Anyway… the ASI reckons that universities are stuffed with leftists and they want to know why. I must assume that this is the first in a series of papers, perhaps including 'Why Are So Many Bankers Rightwing?' and 'Why Are Conservatives Over-Represented In The Arms Trade?', though I may be being over-optimistic. For those of you too busy to trawl through the whole thing, the Executive Summary is probably enough: 


  • Individuals with left-wing and liberal views are overrepresented in British academia. 
  • Though relatively little information is available, evidence suggests that the overrepresentation of left-liberal views has increased since the 1960s. The proportion of academics who support the Conservatives may have declined by as much as 25 percentage points since 1964.
  • The left-liberal skew of British academia cannot be primarily explained by intelligence.

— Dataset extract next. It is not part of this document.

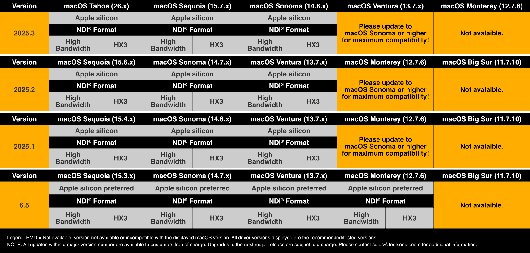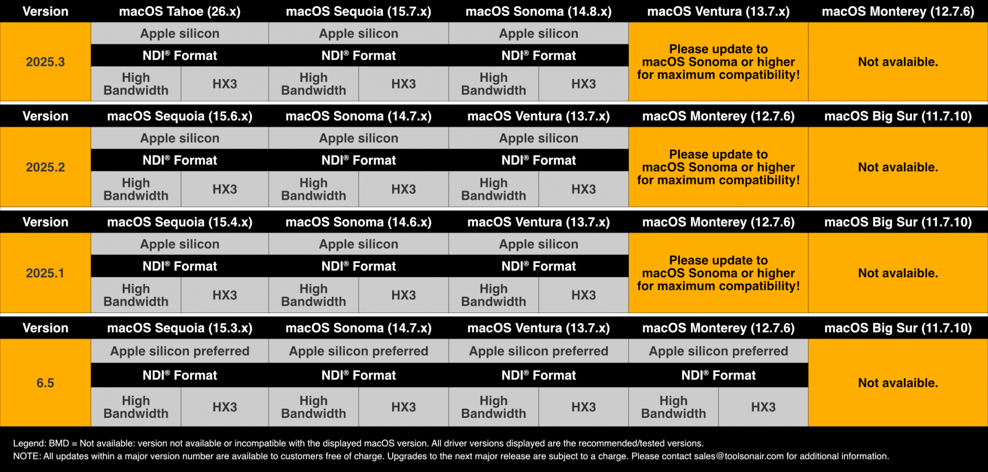 *Legend: 26.x = macOS Tahoe, 15.7.x = macOS Sequoia. macOS Sequoia is the recommended OS version for daily operations!
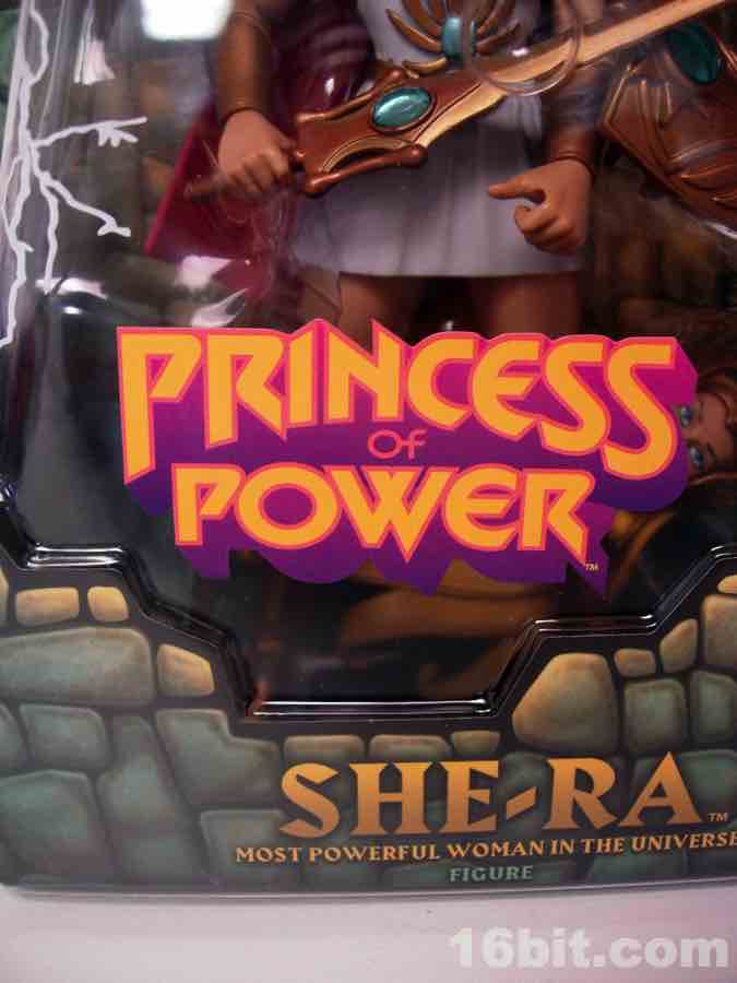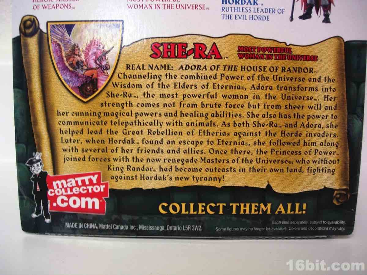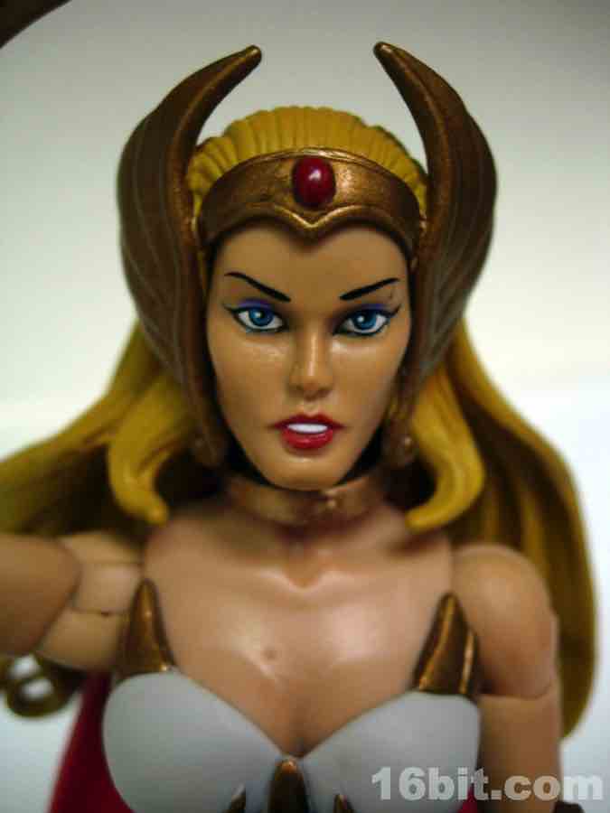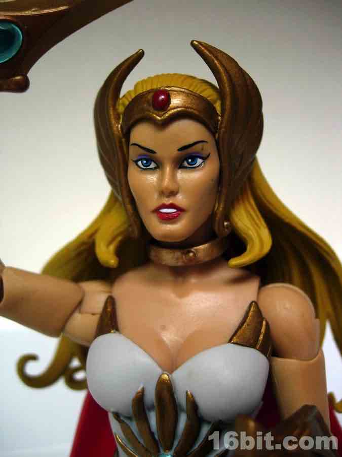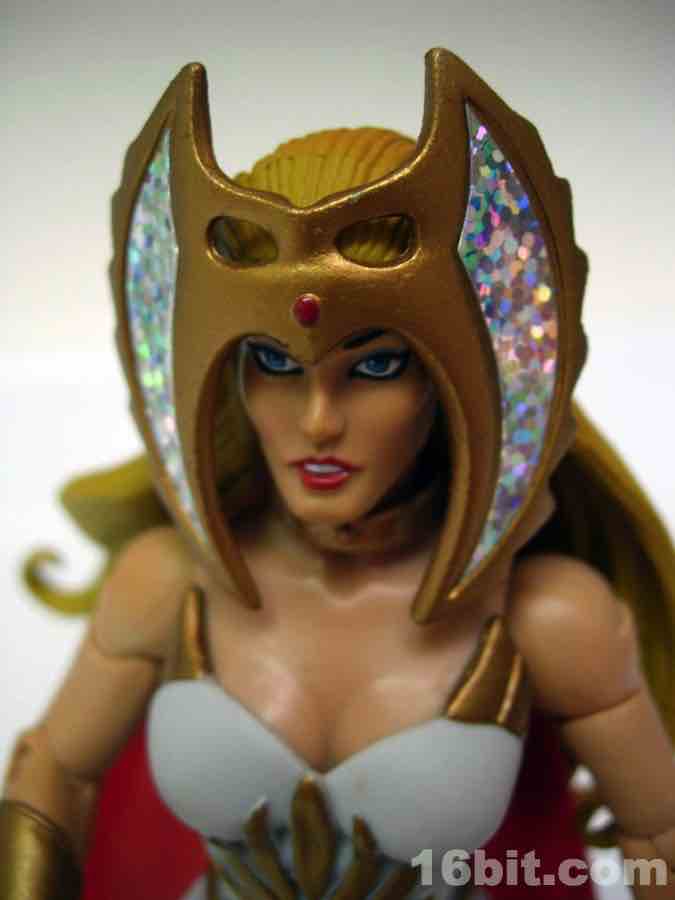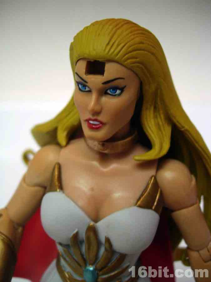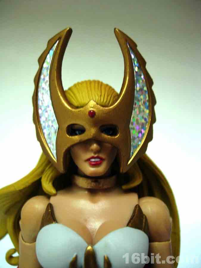 Like most figures with more than one head in this line, the default head is based on the original toy and not the face you may know best from the cartoons. That's why she has a gold collar and holographic sticker nonsense, and this piece is completely removable revealing a giant hole in her forehead. An alternate head with a tiara modeled after the Filmation animated series is also included, and looks way, way better. I admire Mattel going through the work to include both heads, but it's pretty obvious one is better than the other.

The distribution of party support within the top 5% of IQ is relatively similar to the distribution of party support within the general population.
  • The left-liberal skew may be partly explained by openness to experience; individuals who score highly on that personality trait tend to pursue intellectually stimulating careers like academia. And within the top 5% of IQ, openness to experience predicts support for left-wing parties.
  • Other plausible explanations for left-liberal overrepresentation include: social homophily and political typing; individual conformity; status inconsistency; and discrimination.
  • Ideological homogeneity within the academy may have had a number of adverse consequences: systematic biases in scholarship; curtailments of free speech on university campuses; and defunding of academic research by right-wing governments. 
  • Recommendations include: raising awareness; being alert to double standards; encouraging adversarial collaborations; and emphasizing the benefits of ideological heterogeneity within the academy. 
I quite like a report that admits at the very start of a sentence that 'relatively little information is available' then leaves merely a comma before using the phrase 'evidence suggests…'. Point 2 depends on Intelligence Quotient scores, as though IQ isn't thoroughly discredited as anything other than a measure of how people perform on IQ tests: Nisbett's Intelligence and How To Get It is pretty persuasive on how IQ is a function of various silent and/or unconscious social assumptions about what constitutes intelligence. I always did very badly on IQ tests, and also struggle with doors bearing PUSH and PULL stickers, yet here I am with my PhD, managing to string a sentence together. 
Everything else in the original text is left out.